Hana is a second-year PhD student in the School of Information at the University of Michigan, Ann Arbor. Using participatory design methods centered around queer experiences of intimate partner violence, she investigates technology's role in both help-seeking behavior and the perpetration of abuse.
Soyoun Jang is a PhD candidate in Digital Media at the Georgia Institute of Technology. Her research expands historical approaches to speculative design through methods drawing on media studies and media archaeology, foregrounding continuities, forgotten trajectories, and alternative pasts/presents to inform sustainable and inclusive design futures.
MinYoung Yoo is a PhD candidate in the Homeware Lab at Simon Fraser University. Min’s research investigates blind people’s reminiscence experiences, engaging with participants in a 7-year participatory design process. Min is also interested in practicing a more reciprocal co-design process and sharing research outcomes beyond written publications and academic boundaries through Alternative Research Outcomes (AROs).
Angela D. R. Smith is an Assistant Professor at the University of Texas at Austin School of Information.
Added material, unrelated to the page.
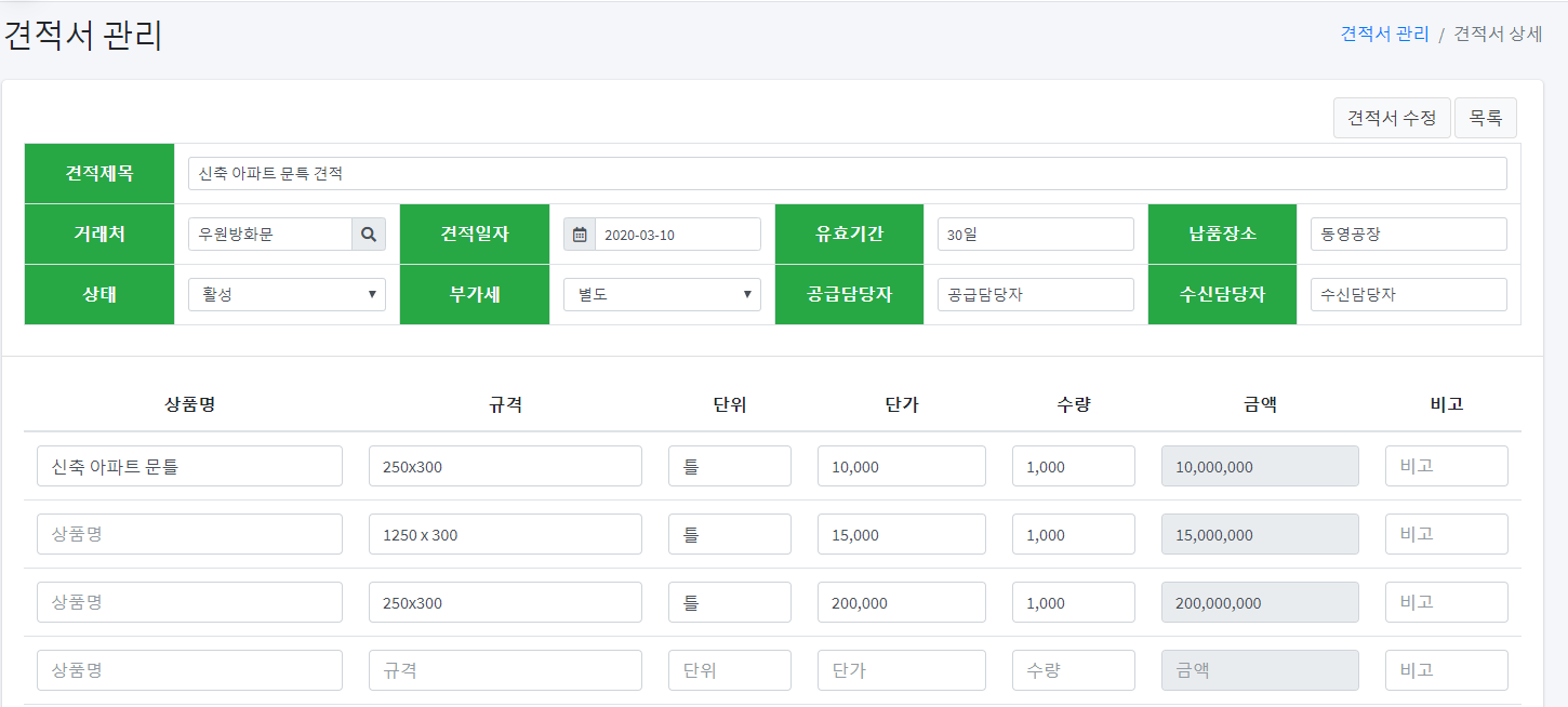 - 견적서 관리 개발 완료

Her research in Human-Computer Interaction examines how critical and intersectional frameworks can inform participatory, assets-based technology design with historically marginalized communities, centering questions of power, empowerment, ethics, and social justice.
Sam is a PhD student in the Homeware Lab at Simon Fraser University. He is a design researcher, interested in how speculative methods can support the development of critical data literacies.
Alesandra is a PhD student in Human-Centered Computing at the Georgia Institute of Technology. She partners with local organizations to investigate the intersection between technology, mutual aid, and activism in Latine communities and activist organizations in Atlanta.
Jay D. Bolter is the author of several books in media studies, including Remediation (1999), with Richard Grusin and RealityMedia with Maria Engberg and Blair MacIntyre (2021). Bolter is also the Director of the Augmented Environments Lab and works with colleagues and students on the design of augmented and mixed reality experiences for cultural heritage, informal education, and expression and entertainment.
Gabriela Marcu is an associate professor at the University of Michigan School of Information. Her research focuses on improving the role of technology in fostering social connection and community, especially among marginalized populations. She has used participatory design for promoting behavioral and mental health.
Kentaro Toyama is W. K. Kellogg Professor of Community Information at the University of Michigan School of Information and author of Geek Heresy: Rescuing Social Change from the Cult of Technology. His research focuses on digital technology and its relationship to community development, research he could not do without the participation of partner communities.